**DATA EXTRACTS**:
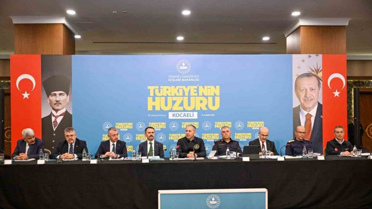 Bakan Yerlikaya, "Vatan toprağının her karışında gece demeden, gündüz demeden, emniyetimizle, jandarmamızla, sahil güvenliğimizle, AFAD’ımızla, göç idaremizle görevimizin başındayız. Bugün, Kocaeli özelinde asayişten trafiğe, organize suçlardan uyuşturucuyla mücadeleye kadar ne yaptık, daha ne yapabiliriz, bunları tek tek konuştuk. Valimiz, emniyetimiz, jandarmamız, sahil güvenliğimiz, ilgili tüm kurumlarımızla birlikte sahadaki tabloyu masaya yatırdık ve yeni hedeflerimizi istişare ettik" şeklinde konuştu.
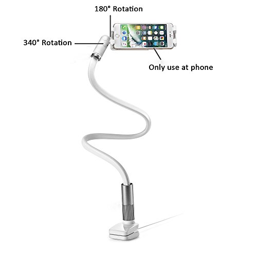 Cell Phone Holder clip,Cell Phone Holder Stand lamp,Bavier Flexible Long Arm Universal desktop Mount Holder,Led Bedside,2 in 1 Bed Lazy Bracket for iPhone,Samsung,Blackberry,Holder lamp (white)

...

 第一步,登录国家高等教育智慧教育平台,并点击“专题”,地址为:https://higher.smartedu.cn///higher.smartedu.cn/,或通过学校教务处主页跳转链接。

**YOUR OBJECTIVE**: Return the stretch of data that begins with the line showing "toprağının her karışında" and goes on through the line showing "Cell Phone Holder clip,Cell", exactly, with pictures removed.

**YOUR RESPONSE**:
 Bakan Yerlikaya, "Vatan toprağının her karışında gece demeden, gündüz demeden, emniyetimizle, jandarmamızla, sahil güvenliğimizle, AFAD’ımızla, göç idaremizle görevimizin başındayız. Bugün, Kocaeli özelinde asayişten trafiğe, organize suçlardan uyuşturucuyla mücadeleye kadar ne yaptık, daha ne yapabiliriz, bunları tek tek konuştuk. Valimiz, emniyetimiz, jandarmamız, sahil güvenliğimiz, ilgili tüm kurumlarımızla birlikte sahadaki tabloyu masaya yatırdık ve yeni hedeflerimizi istişare ettik" şeklinde konuştu.
 Cell Phone Holder clip,Cell Phone Holder Stand lamp,Bavier Flexible Long Arm Universal desktop Mount Holder,Led Bedside,2 in 1 Bed Lazy Bracket for iPhone,Samsung,Blackberry,Holder lamp (white)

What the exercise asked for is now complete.